To find the angular acceleration of the wheel, we can use the formula:
Δθ = ω_0 * t + (1/2) * α * t^2
Where:
Δθ - angle rotated (20 radians)
ω_0 - initial angular velocity (0 rad/s, since the wheel starts from rest)
t - time elapsed (8.7 s)
α - angular acceleration (what we need to find)

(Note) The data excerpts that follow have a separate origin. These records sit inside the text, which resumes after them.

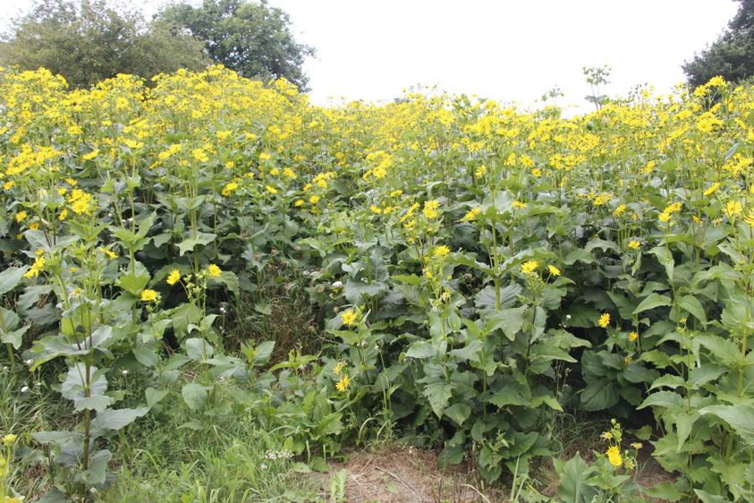 En France comme en Allemagne, la silphie est le plus souvent utilisée pour alimenter les méthaniseurs. C’est un excellent co-substrat pour diversifier la ration avec un pouvoir méthanogène de 291 litres de méthane par kilo de MS, un peu moins qu’un maïs mais avec un rendement à l’hectare souvent supérieur. Autres avantages pour les agriculteurs méthaniseurs : disposer d’une culture pérenne, donc sans travail du sol, ni usage de phytos, avec un enracinement qui protège de l’érosion. Une culture qui participe à la fixation du carbone. Les fleurs de silphie attirent énormément d’insectes et notamment des abeilles. C’est une plante qui est en fleur en août et septembre, avant l’hivernage, à une période où les autres sources de nectar sont plus rares. En outre, les feuilles attachées à la tige recueillent l’eau et la rosée. « Une disposition importante de ruches aux abords d’une parcelle permet un rendement de 150 kg/ha de miel, complète Amédée Perrein. Tous ces avantages écologiques et l’absence de phyto en font une plante idéale pour les ZNT (zone de non-traitement). J’ajouterais que nous n’observons aucun dégât de gibier ni d’oiseaux. Les sangliers ne semblent pas apprécier la silphie et sa texture piquante. »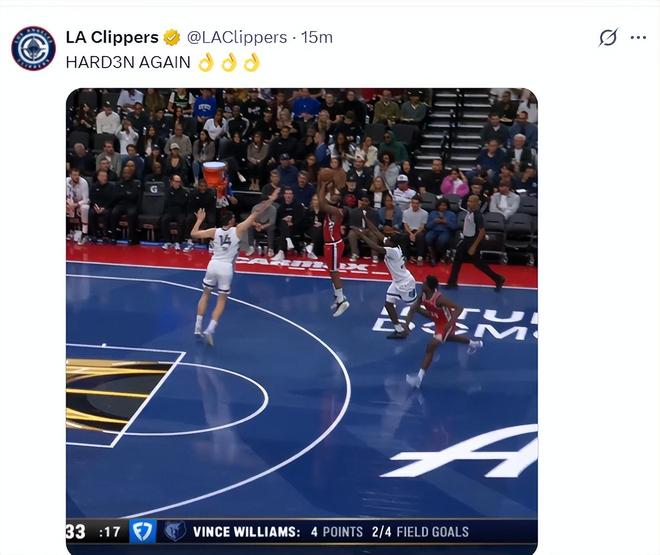 下半场8中1状态全无!哈登23+11+7又背锅 快船遭逆转吞三连败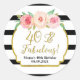 40 et fabuleuse fête d'anniversaire privilégient les étiquettes autocollantes avec rayures noir et blanc, texte or et fleurs d'aquarelle rose.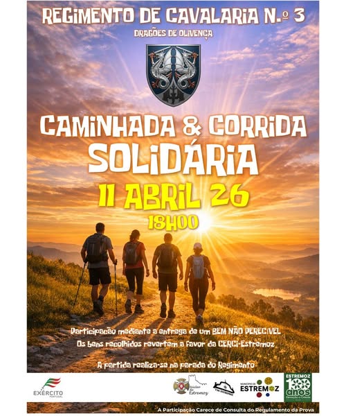 O Regimento de Cavalaria n.º 3 – Dragões de Olivença promove, no próximo , pelas , uma Caminhada & Corrida Solidária, com partida na parada do Regimento..
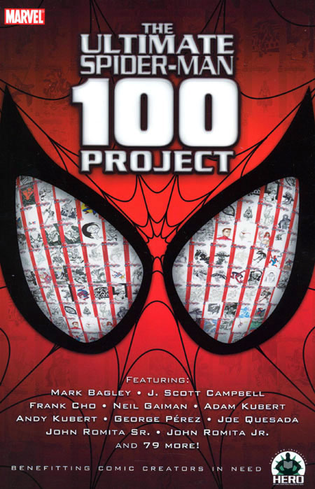 You've seen the amazing art. You've seen the original covers sell for up to $6700! Now you can get your very own copy of all 100 Hero Initiative Ultimate Spider-Man #100 covers! This stellar artbook includes great Spidey art from Mark Bagley, J. Scott Campbell, Frank Cho, Neil Gaiman, Adam and Andy Kubert, George Perez, Joe Quesada, John Romita Sr. and Jr. and many more! And would you believe it has in introduction by Stan 'The Man' Lee himself? NOTE: Through special arrangement with Marvel Comics, there will be only one printing of this book ever! Order it now so you don't blow your chance, True Believers!
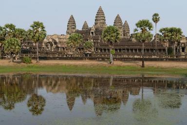 Keywords: angkor angkor wat cambodia temple asia temple complex historically architecture unesco world heritage unesco world heritage siem reap lake pond palm mirroring
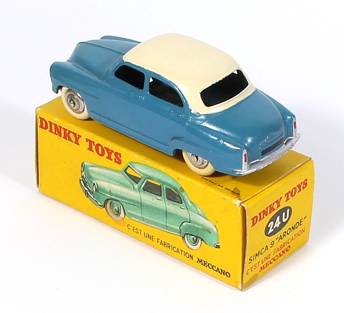 French Dinky 24U Simca 9 "Aronde". Scarce issue in mid blue, white roof. Scarce type 2 issue. Near mint plus/boxed. From a carefully hand-picked selection of models in The Netherlands.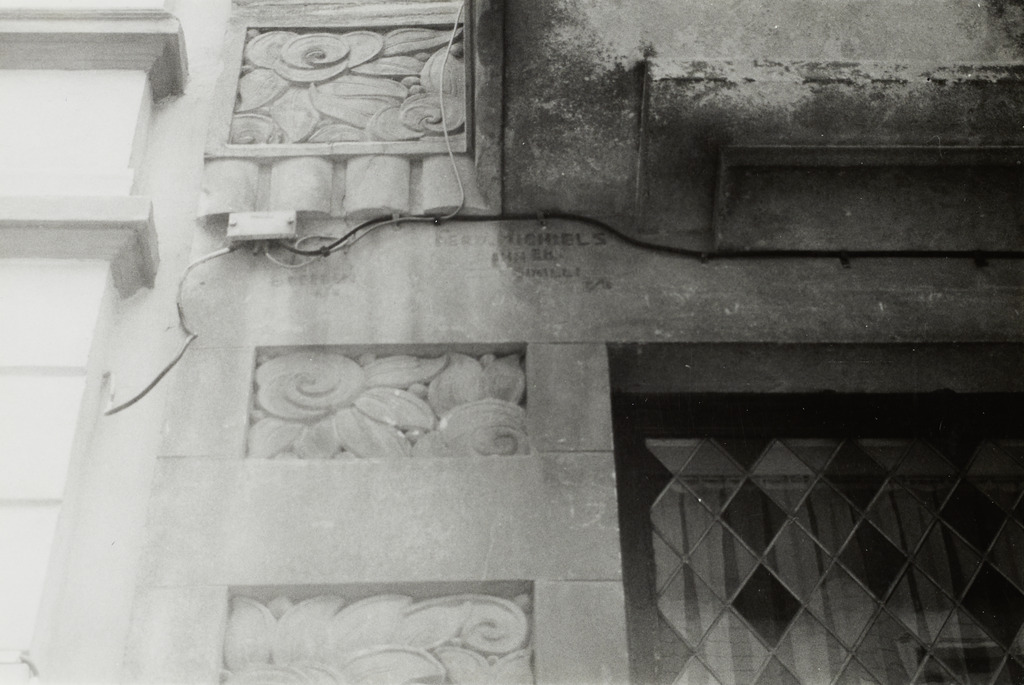 Omschrijving: BESTUUR MONUMENTEN EN LANDSCHAPPEN PROVINCIALE DIRECTIE WEST-VLAANDEREN naam op gevel v aannemer en architect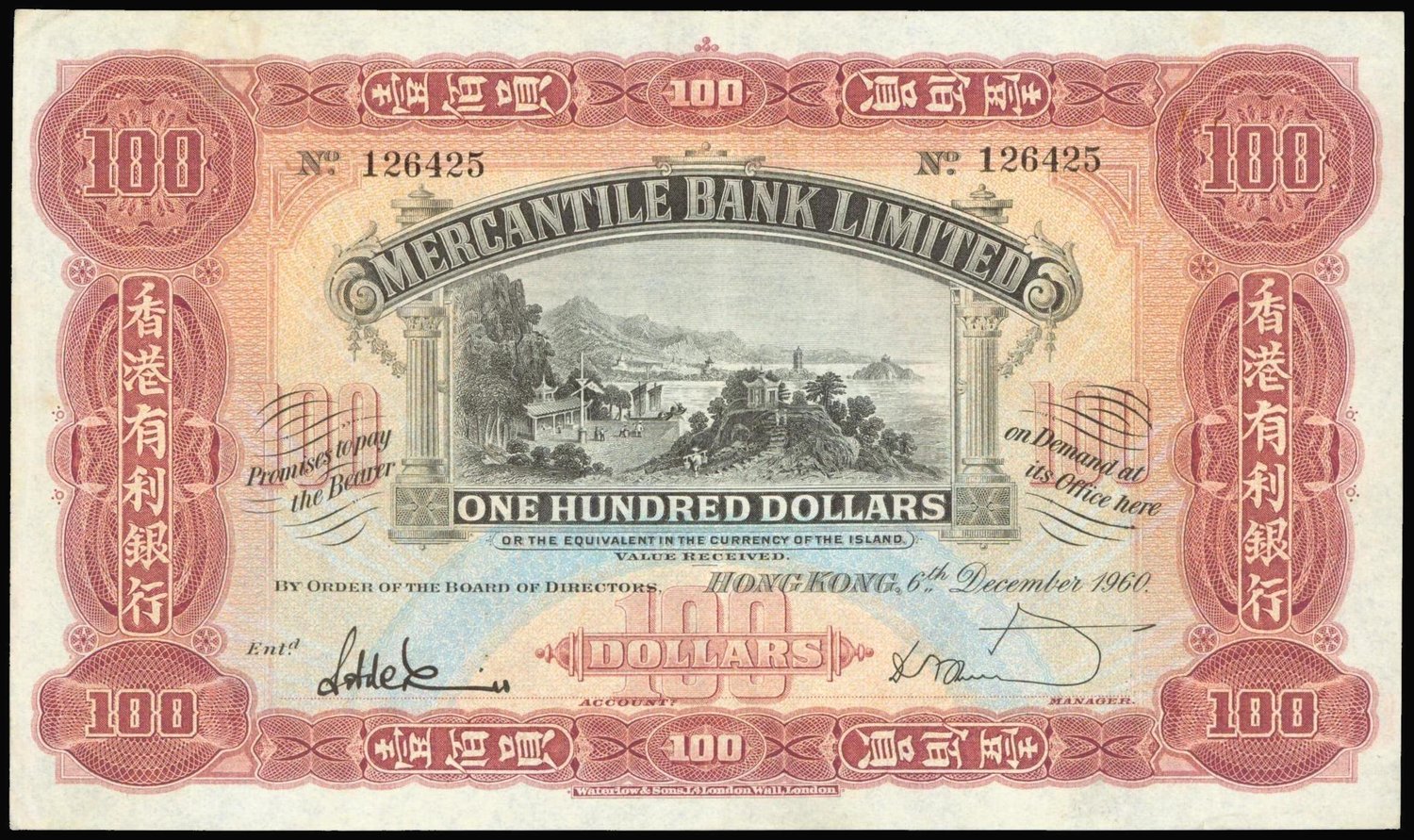Mercantile Bank Limited, $100, 6.12.1960, serial number 126425, black and blue on red, houses by water's edge at centre, reverse red and black, Mercury at centre,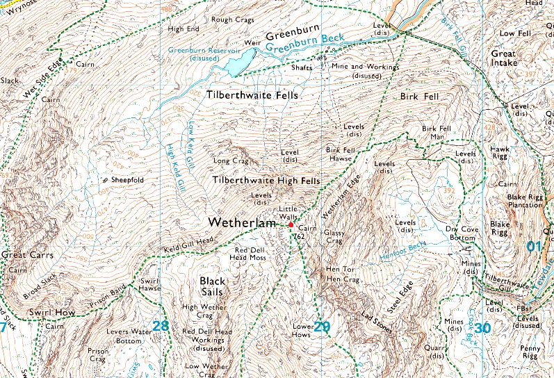 Coniston – Miners Bridge – Church Beck – Coppermines Valley – Simons Nick – Levers Water – Black Sails – Red Dell Head Moss – Wetherlam – Lad Stones – Hole Rake – Church Beck – Miners Bridge – Coniston |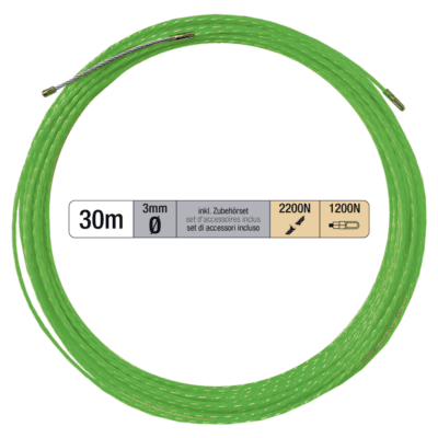 STEFFEN Kabeleinzugsband PROFESSIONAL 30m Ø 3mm mit Suchfeder + Zubehörset gn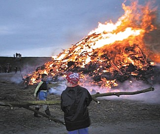 NLD-20010430-TEXEL: Over het gehele eiland Texel branden op de laatste avond voor de maand mei tal van hoog oplaaiende vuren, Meierblis genoemd. Jongeren poffen hun aardappelen en velen stoken er kleine vuurtjes omheen. Het is een gebruik dat lijkt op de Twentse paasvuren en is bedoeld als blijdschap voor de terugkerende lente. ANP FOTO/KOEN SUYK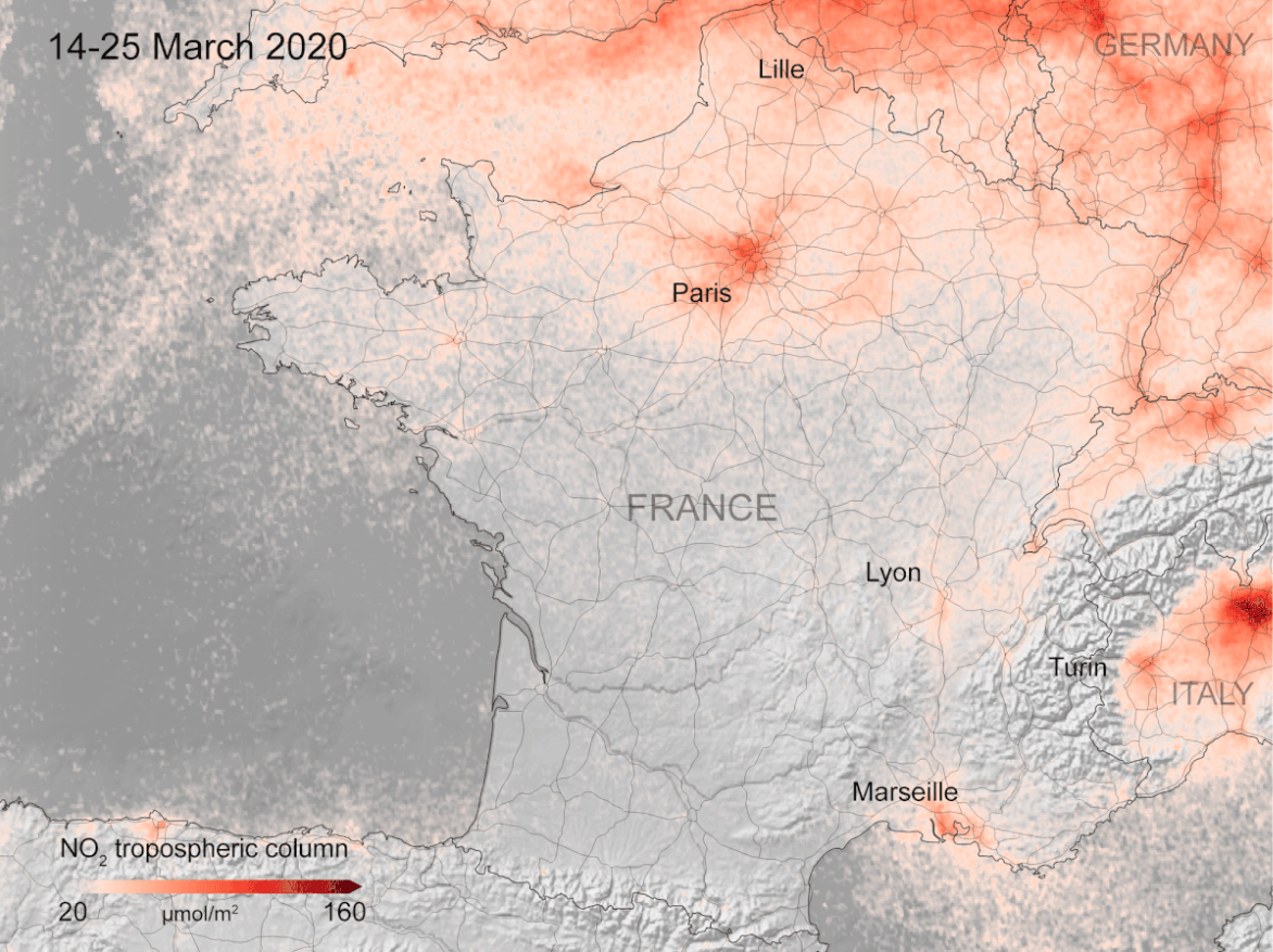 This data comes from the ESA, and their Copernicus Sentinel-5P satellite. It shows nitrogen dioxide (NO2) emissions over France in March 2019 in one frame, and between March 14th to the 25th on the next frame. Dense red indicates higher emissions of NO2.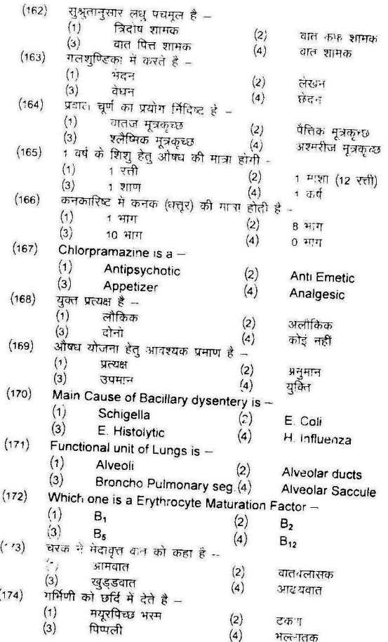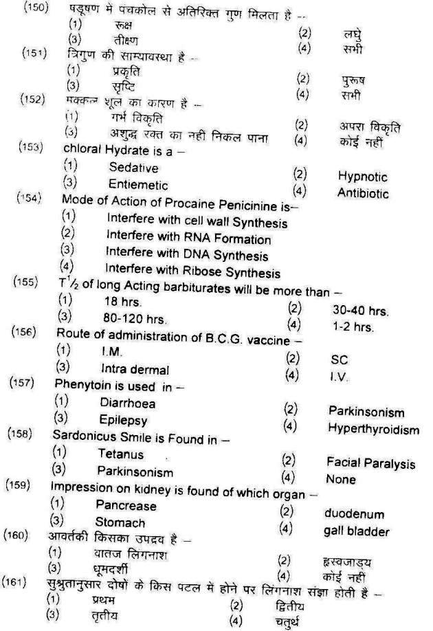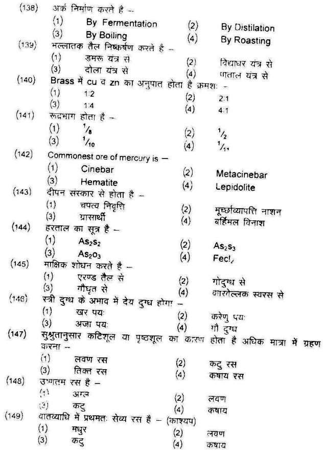 BHU Ayurveda PG Entrance examination 2004 Test Paper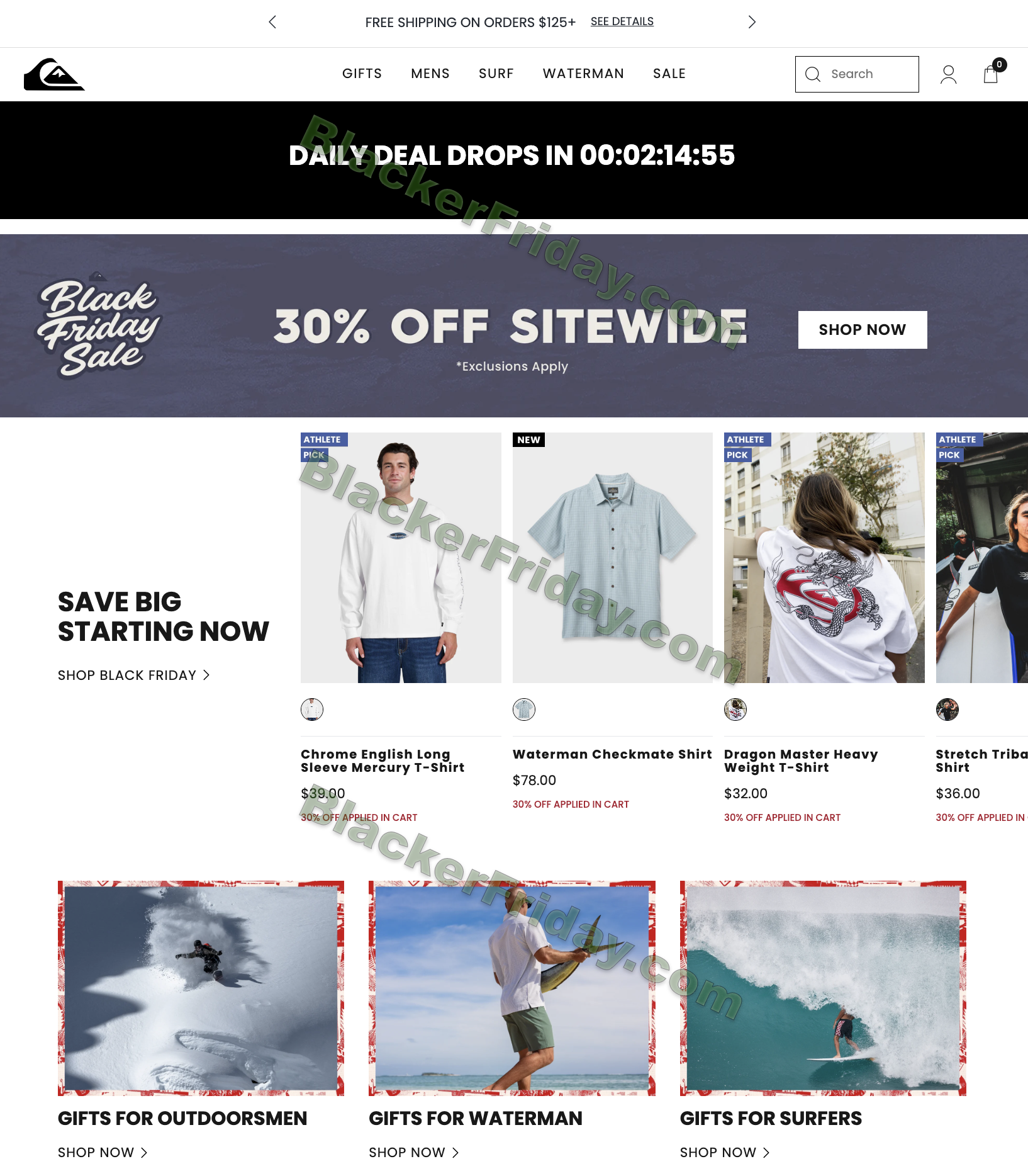 Quiksilver’s Black Friday sale runs Monday, November 24 through Saturday, November 29, 2025. The sale is available online at quiksilver.com.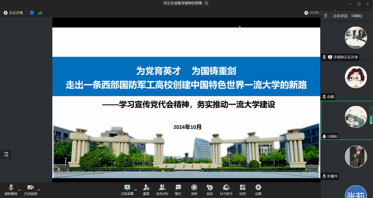 第十四次党代会确定的“天下工大、世界三航”远景目标、新“三步走”战略构想进行了重点解读。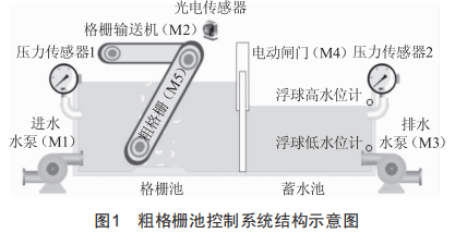 污水處理粗格柵池控制系統(tǒng)由進水水泵、粗格柵、格柵輸送機、電動閘門、排水水泵等組成,系統(tǒng)可以實現(xiàn)過濾污水中的懸浮雜物,并將過濾后的水送入后續(xù)污水處理凈化池的自動控制系統(tǒng)中。系統(tǒng)結構示意圖如圖1所示。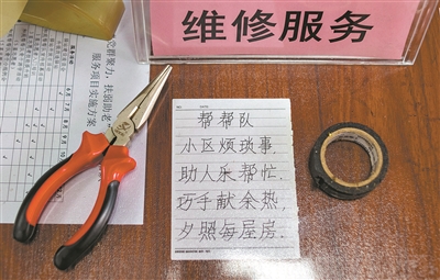 “巧手獻(xiàn)余熱,夕照每屋房”,這是和苑“幫幫隊”的服務(wù)承諾。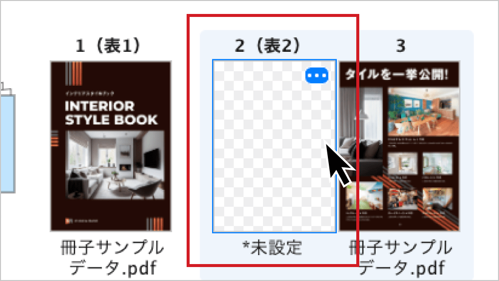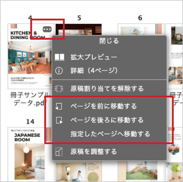 原稿のページ順を入れ替える場合は、ページにマウスを重ねるとドラッグして上下左右に自由に移動させることができます。また、ページ右上のメニューアイコンをクリックし、操作メニューから移動させることもできます。再度アップロードする必要はありません。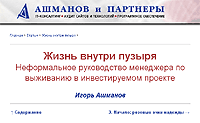 На сайте "Ашманов и партнеры" опубликована книга Игоря Ашманова "Жизнь внутри пузыря. Неформальное руководство менеджера по выживанию в инвестируемом проекте". Почитать было весьма интересно и познавательно, хотя часть пикантных подробностей о нелегком жизненном пути "Рамблера" я знал и до этого. Книга написана достаточно жестко и откровенно, но в этом, собственно, вся суть, иначе зачем вообще писать подобное произведение. Понятно, что некоторые вещи Игорь освещает весьма субъективно, но это как раз прямо декларируется - субъективный взгляд человека, который довольно продолжительное время находился внутри проекта.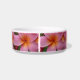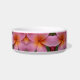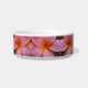 Deze keramische huisdierenbak heeft bloesems van een roze plumeria, geurloze Hawaiiaanse bloem die vaak in een lei wordt gevonden. Het herhaalt bijna helemaal rond het gerecht.

Let's rearrange the formula to solve for α:
α = (2 * Δθ - 2 * ω_0 * t) / t^2
Substituting the given values:
α = (2 * 20 radians - 2 * 0 rad/s * 8.7 s) / (8.7 s)^2
α = (40 radians) / (75.69 s^2)
α ≈ 0.529 rad/s^2
Therefore, the angular acceleration of the wheel is approximately 0.529 rad/s^2.
To find the centripetal acceleration of a point on the wheel at a distance r = 0.25 m from the axis at t = 8.7 s, we can use the formula:
a_c = r * α
Where:
a_c - centripetal acceleration
r - radius of rotation (0.25 m)
α - angular acceleration (0.529 rad/s^2, as found previously)
Substituting the values:
a_c = (0.25 m) * (0.529 rad/s^2)
a_c ≈ 0.132 m/s^2
Therefore, the centripetal acceleration of a point on the wheel at t = 8.7 s, located at a distance of 0.25 m from the axis, is approximately 0.132 m/s^2.